No lectures or classes will take place during School Reading Week 6.

Week Topic
1 Introduction
2 Distributed file systems and key-value stores
3 Distributed computation models
4 Structured queries over large datasets
5 Graph data processing
Guest lecturer: Mark Needham, Software Engineer, Neo4j
6 Reading Week
7 Stream data processing
Guest lecturer: Eno Thereska, Principal Engineer, Amazon
8 Scalable machine learning I
Guest lecturer: Ulrich Paquet, Research Scientist, Google DeepMind
9 Scalable machine learning II
Guest lecturer: Ryota Tomioka, Researcher, Microsoft Research
10 Cloud computing services
Guest lecturer: Marc Cohen, Software Engineer, Google
11 Distributed dataflow graph computations

Course Description

This course covers the main principles and application programming interfaces of distributed systems for storing and processing big data. This includes the principles of distributed file systems, storage systems, and data models that are in common use in modern on-premise data analytics platforms and cloud computing services. The course covers the principles of computing over large datasets in distributed computing systems involving multi-core processors and cluster computing systems. Students will learn how to perform canonical distributed computing tasks in batch, interactive and stream processing settings and how to run scalable machine learning algorithms for regression, classification, clustering and collaborative filtering tasks.

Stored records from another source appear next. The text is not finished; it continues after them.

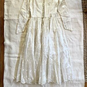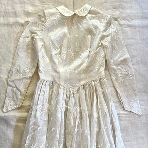 Vintage Gossamer organza embroidered floral button Peter Pan collar wedding dress. 80’s era. Handmade. No size tag - fits like an XS. VGUC! Absolutely beautiful construction, flow, the button details, collar!
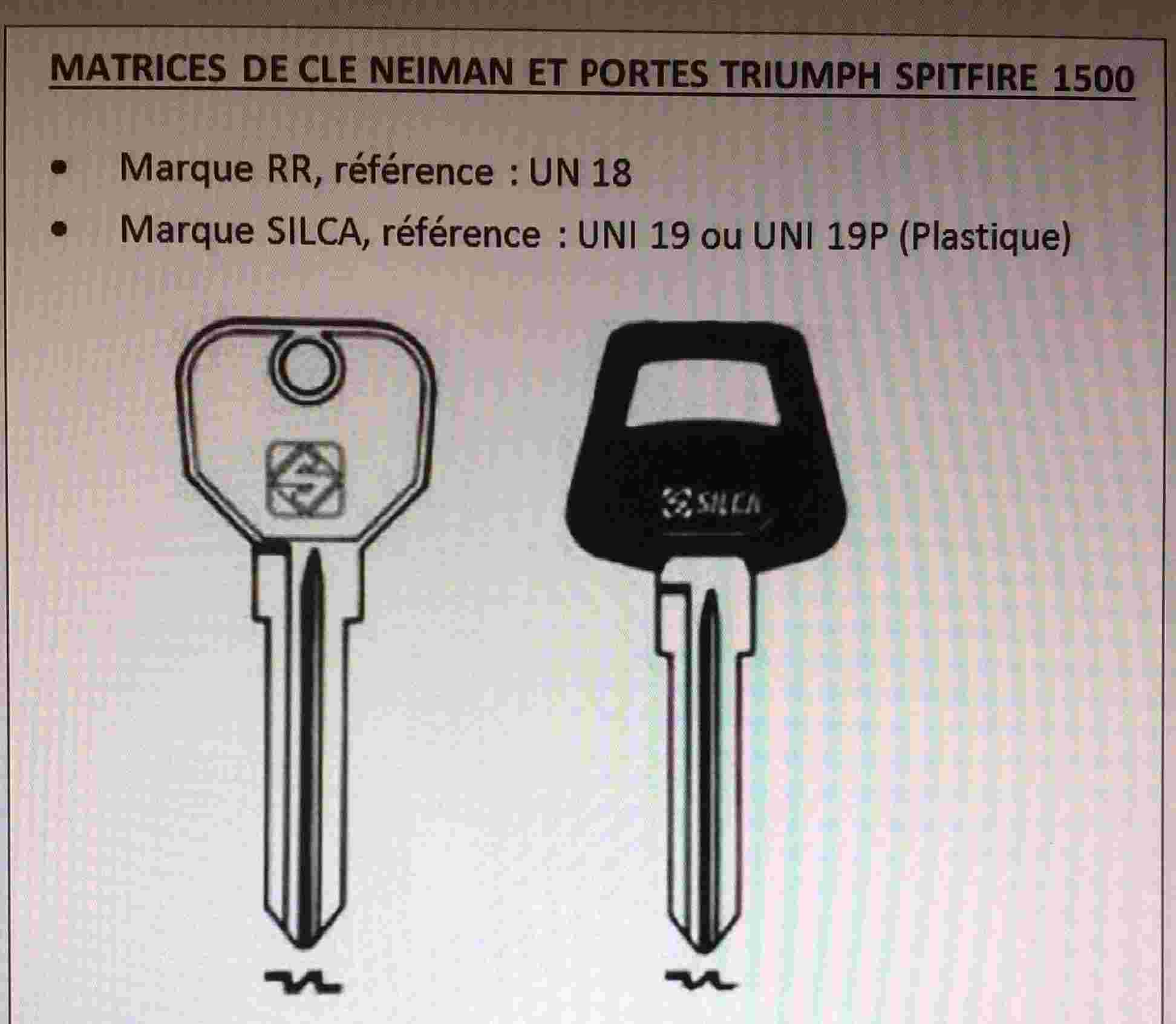| Bonjour , J'ai utilisé une entreprise qui refait nos clés a partir de la photo de nos vielles clés ! Ainsi ce sont des clés neuves , pas des copies de clés usées . J'ai fait faire deux jeux neuf , toute les clés fonctionnent bien . A priori les clés sont codées, à l'époque j'avais payé 68 dollars,port compris ( site Australien de mémoire), pour deux clés de Neiman et deux de coffre. Voilà pour ceux que veulent des clés neuves ! Oops, le site : KEYS4CLASSICS Jean-Charles |
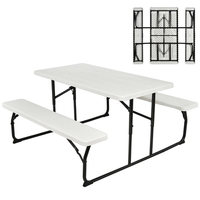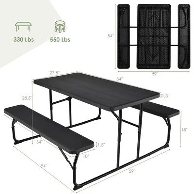 Add an extra folding picnic table bench set in your backyard! It can serve as a BBQ dining table, game table, camping table, picnic table and so on. The desktop is large enough to hold a variety of food and tableware. It has large weight capacity so that it can support up to 550 lbs on each bench. All your friends can take a rest on the bench and enjoy delicious food during your party! Round corners greatly reduce the risk of bumping. Made of selected materials, this camping picnic table is all-weather resistant to ensure a long service life. Besides, the smooth surface is easy to clean after party.
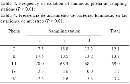 El análisis de frecuencia de aislamiento de bacterias luminosas (tabla 4) mostró que la distribución de especies luminosas fue similar en todos los sitios de muestreo (P > 0.01). Las bacterias del grupo III fueron las que se aislaron con mayor frecuencia, entre 68.4% (sitios 2 y 3) y 70% (sitio 1).
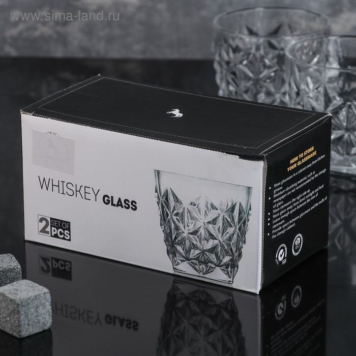 Набор стаканов стеклянных для виски «Рокс», 2 предмета: 350 мл, 9,6×9 см
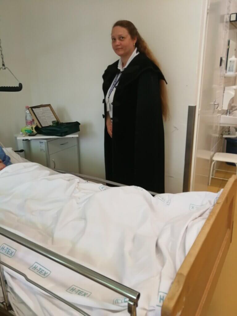 Éva: Egyáltalán nem az, mindig vannak munkatársaim. Kis létszámban dolgozunk, kettesben vagy hármasban. Tíz év alatt cserélődtek, de hála Istennek, Ő mindig tudja, kit kell mellém tennie. Nekem az nagyon fontos, hogy az egységünk jól működjön, harmónia legyen közöttünk, mert akkor jobban tudjuk tenni a dolgunkat. Az utóbbi öt évben a római katolikus egyház részéről kapok munkatársakat, tehát nem a kórház a munkáltató. Katolikus kórházlelkész és katolikus diakónus is munkálkodik velem, viszont nagyon jó az ökumené a kórházban is, ahogy a városban is. Nincs ellentét, hanem egység van. Elfogadók felém és elfogadják a vezetésemet, amit én nagy örömmel tapasztalok. Jövő májusban lesz tíz éve, hogy elindult a kórházi kórus, ami szintén közösségi erővel bír. Bár most többek betegsége miatt szünetelünk ősz óta, de ünnepek múltával ismét összehív bennünket Dr. Kerekesné Pytel Anna karnagyunk. Viszont a hétfői zenés dicsőítés folyamatos a kápolnában. Ha a lelki munkatársakat és az énekkart említettem, akkor említést kell tennem az önkéntes munkatársakról is, akik legutoljára a mikulás-ünnepséget segítették megvalósítani, de ugyanúgy ott vagyunk velük a Semmelweis-napon és a Kaposi Mór-napon is. Helyileg pedig nemcsak Kaposváron, hanem Mosdóson és Toponáron is szolgálok, mint kórházlelkész.
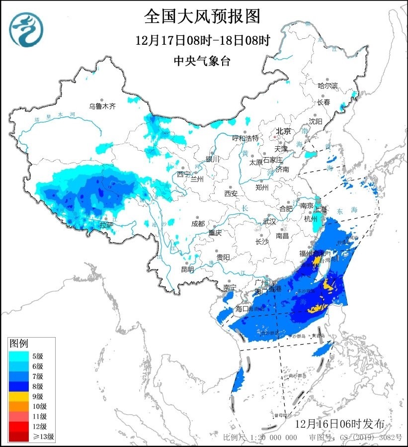 12月17日08時至18日08時,內(nèi)蒙古西北部、西藏中西部、甘肅河西、上海、浙江東部等地有5級、陣風6級的大風,其中,西藏中西部、甘肅河西等地部分地區(qū)有6~7級、陣風8級的大風;東海南部海域、臺灣海峽、臺灣以東洋面、巴士海峽、南海北部和中部海域、北部灣將有7~8級、陣風9~10級的大風,其中臺灣海峽、巴士海峽和南海東北部的部分海域風力可達9級、陣風10~11級。
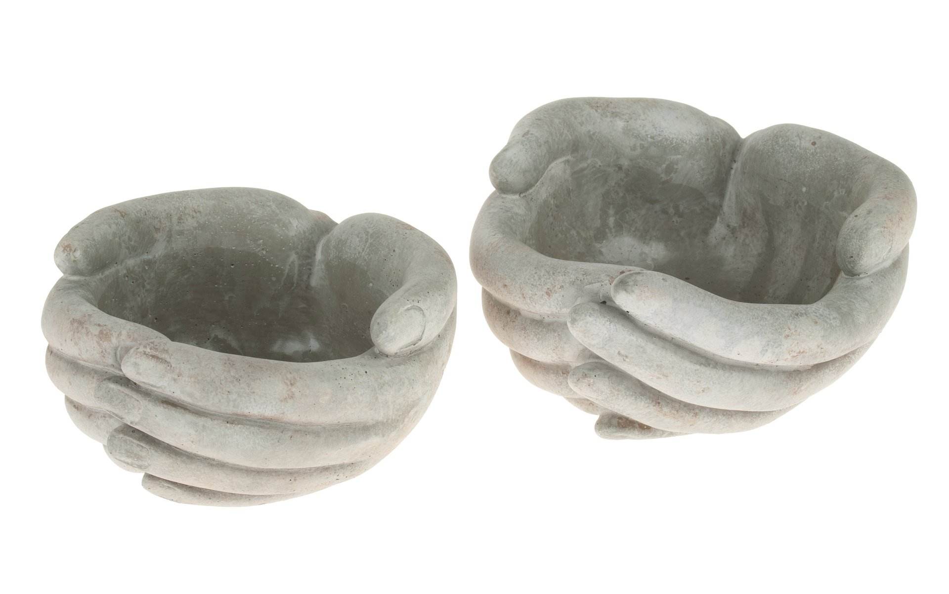 Mains en ciment réunies pour former une coupe. Avec emplacement pour un petit arrangement ou une bougie funéraire.
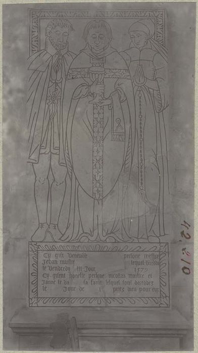 dalle funéraire (gisant) de Jehan Maistre, prêtre, de Nicolas Maistre et de sa femme
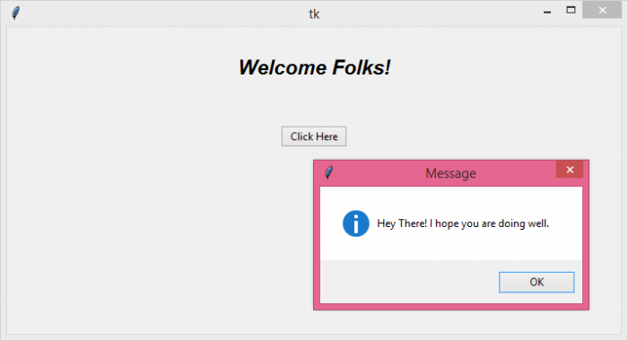 # Import the required libraries from tkinter import * from tkinter import messagebox from tkinter import ttk # Create an instance of tkinter frame win= Tk() # Set the size of the tkinter window win.geometry("700x350") # Define a function to show the popup message def show_msg(): messagebox.showinfo("Message","Hey There! I hope you are doing well.") # Add an optional Label widget Label(win, text= "Welcome Folks!", font= ('Aerial 17 bold italic')).pack(pady= 30) # Create a Button to display the message ttk.Button(win, text= "Click Here", command=show_msg).pack(pady= 20) win.mainloop()
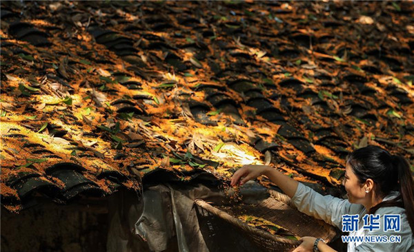 9月24日,四川省瀘州市江陽區(qū)鄰玉街道天堂村的村民在收撿散落在房頂上的桂花。金秋時節(jié),四川省瀘州市江陽區(qū)鄰玉街道天堂村的村民們忙著打收桂花,制作桂花糕等美食,迎接中秋佳節(jié)的到來。新華社發(fā)(劉學懿攝)
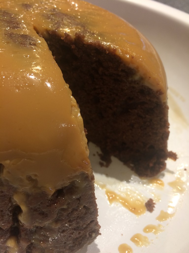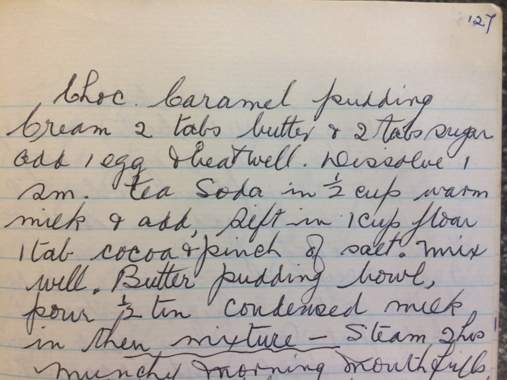 Cream 2 tabs butter and 2 tabs sugar. Add 1 egg and beat well. Dissolve 1 small tea(spoon) Soda in 1/2 cup warm milk and add. Sift in 1 Cup flour, 1 tab cocoa and a pinch of salt. Mix well. Butter pudding bowl, pour 1/2 tin condensed milk in then mixture. Steam 2 hours.

This course uses a project-based learning approach where students gain hands-on experience in using computing tools, services and writing software code through computer workshop exercises and project assignments. This equips students with key skills and knowledge about modern computation platforms for processing big data. In particular, students gain hands-on experience in working with Apache Hadoop, an open-source software framework for distributed storage and processing of dataset of big data using the MapReduce programming model and other services such as Apache Hive. They also gain hands-on experience in working with Apache Spark, the fastest-growing general engine for processing big data, used across different industries, and connecting Spark with various data sources and other systems. The students learn how to run big data analytics tasks locally on their laptops as well as on distributed clusters of machines in the cloud. The students work on weekly exercises and project assignments by using GitHub, a popular revision-control and group collaboration tool. Each student develops code for solving one or more computation tasks and uses GitHub for accessing and submitting course materials and assignments.

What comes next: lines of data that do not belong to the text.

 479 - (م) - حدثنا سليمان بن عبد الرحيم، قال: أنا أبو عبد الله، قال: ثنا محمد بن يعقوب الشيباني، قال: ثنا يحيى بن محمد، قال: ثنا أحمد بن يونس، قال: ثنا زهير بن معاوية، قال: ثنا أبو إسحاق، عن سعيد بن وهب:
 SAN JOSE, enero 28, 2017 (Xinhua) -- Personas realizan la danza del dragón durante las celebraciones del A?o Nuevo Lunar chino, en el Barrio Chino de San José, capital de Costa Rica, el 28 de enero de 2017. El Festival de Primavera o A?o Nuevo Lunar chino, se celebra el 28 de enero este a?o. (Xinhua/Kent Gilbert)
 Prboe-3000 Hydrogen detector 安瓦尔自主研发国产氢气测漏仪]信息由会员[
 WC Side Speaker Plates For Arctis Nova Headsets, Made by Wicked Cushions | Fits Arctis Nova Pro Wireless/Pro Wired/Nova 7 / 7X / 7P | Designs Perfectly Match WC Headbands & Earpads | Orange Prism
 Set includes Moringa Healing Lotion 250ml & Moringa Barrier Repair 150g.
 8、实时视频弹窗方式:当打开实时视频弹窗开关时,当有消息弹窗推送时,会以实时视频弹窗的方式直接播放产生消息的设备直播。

On the theory side, we introduce the main principles of distributed systems for big data analytics, their design objectives, querying paradigms by using MapReduce and other computation models, general numerical computations using dataflow graphs, and querying data by using SQL-like application programming interfaces. We consider graph processing algorithms for querying graph properties and iterative computations on input graph data. We introduce the principles of stream processing, how to perform computations and execute queries over a sliding-window of input data stream elements. We study the principles of scalable machine learning algorithms, based on parallel implementations of gradient-descent style algorithms for minimizing a loss function, used for training regression and classification models. We also consider distributed MapReduce computations for training clustering models such as k-means and collaborative filtering models based on matrix factorization. We consider numerical computations using dataflow graphs, with a focus on learning deep neural networks for image classification and other classification tasks. Students are encouraged to work on computations and data relevant to their own interests.

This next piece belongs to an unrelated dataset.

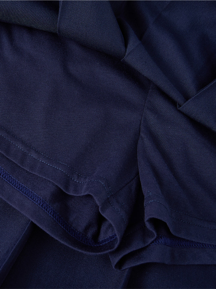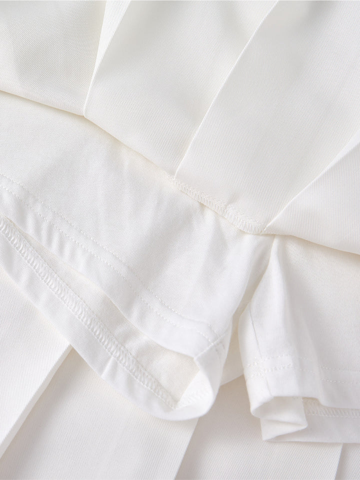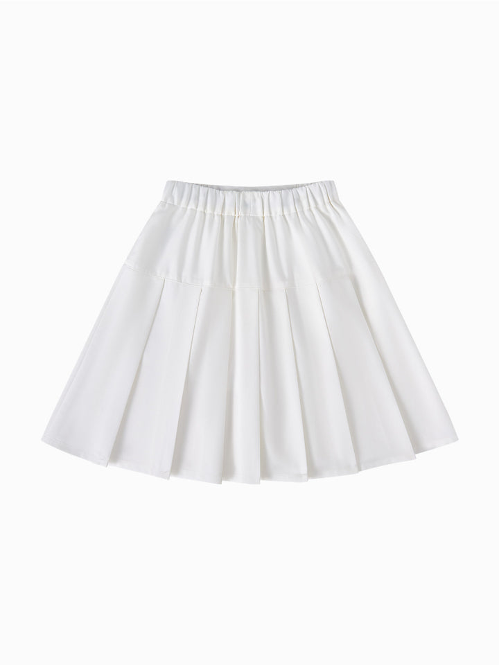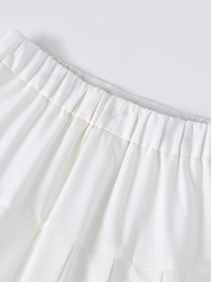 تتميز هذه التنورة القصيرة بتصميم بلون موحد مع طيات ناعمة وتفاصيل شرائط صغيرة على الأمام. تحتوي على خصر مطاطي وشورت داخلي مرفق لراحة وحركة سهلة.
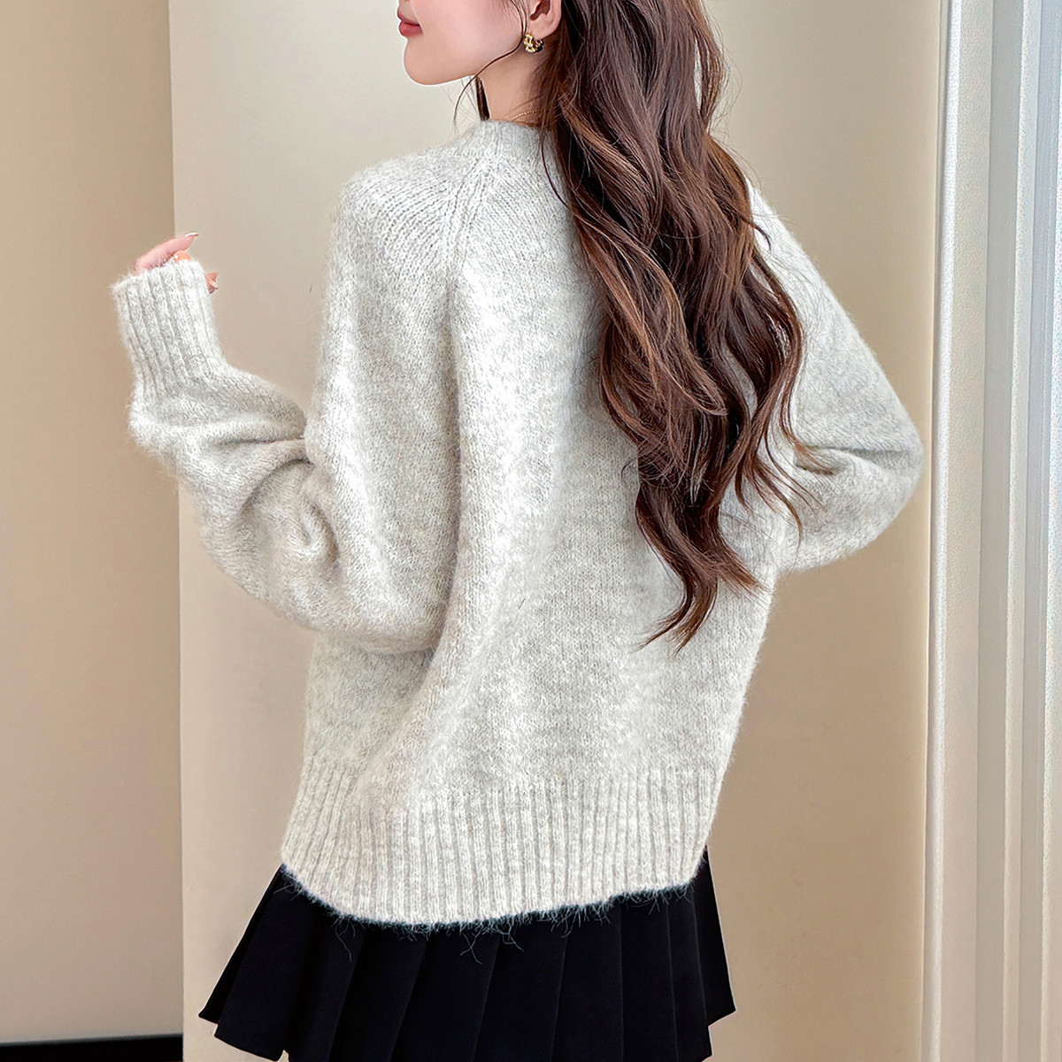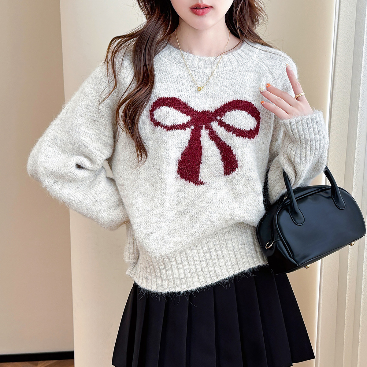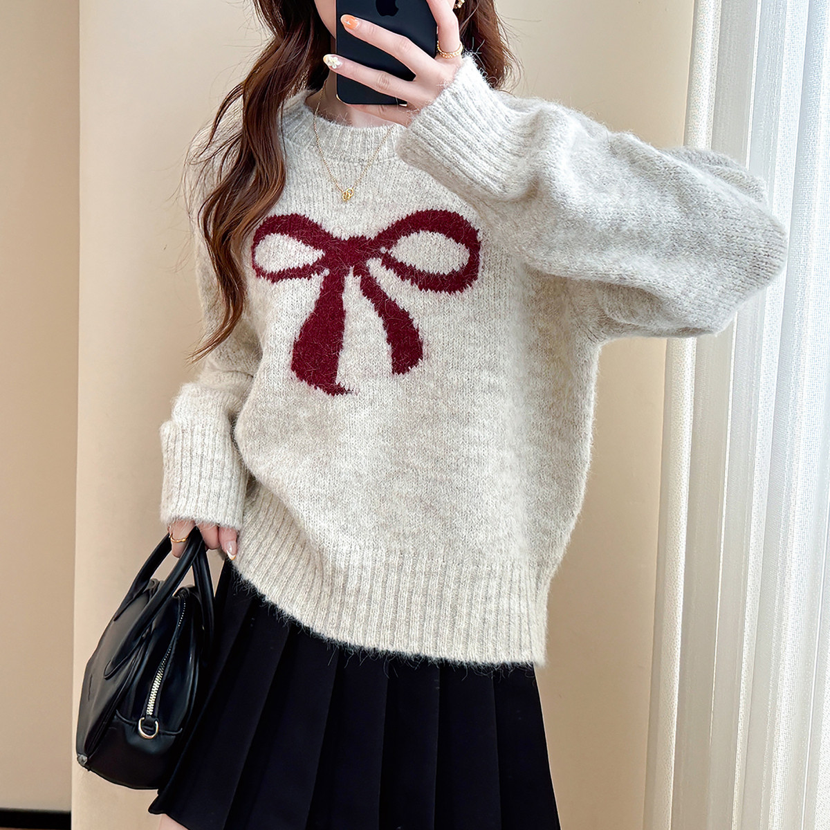唐狮2025秋冬新款女毛衣蝴蝶结图案圆领套头时尚百搭可内搭打底女

On the practical side, we cover a variety of tools that are part of a modern data scientist’s toolkit, including distributed computing using Apache Hadoop and MapReduce style processing of big data sets, Apache Spark, application programming interfaces for querying structured and unstructured datasets such as Apache Hive, Spark SQL, and Google BigQuery, stream data processing, and deploying large-scale machine learning models. Students learn how to write programmes to define Spark jobs using the Python API and how to deploy a Spark job in a production environment. Students learn how to connect Spark data structures with a variety of external data sources, including key-value data stores, relational databases, and publish-subscribe messaging systems.

For the final project, students are asked to conduct a big data analytics task using the principles and technologies learned in class as well as to learn other related technologies not covered in course in a great length (e.g. working with Apache Cassandra or Microsoft Congitive Toolkit). The project report is typically in the form a Jupyter notebook and a working solution.


This course is an introduction to the fundamental concepts of distributed computing for big data for students and assumes no prior knowledge of these concepts.

The course involves 20 hours of lectures and 15 hours of computer workshops in the LT.


Some basic prior programming experience is expected. Prior experience with Python programming is desirable; for example, acquired through the compulsory courses of the MSc in Data Science program.


We use a wide range of tools, including Juypter notebooks, Apache Hadoop, Google Bigtable, Apache Hive, Apache Spark / PySpark (Python API for Spark), SQL APIs for querying datasets, Tensorflow library for dataflow programs, Docker, and various cloud computing services, e.g. provided by the Google Cloud Platform. Lectures and assignments are posted on Github. Students are expected to use Github also to submit problem sets and final exam.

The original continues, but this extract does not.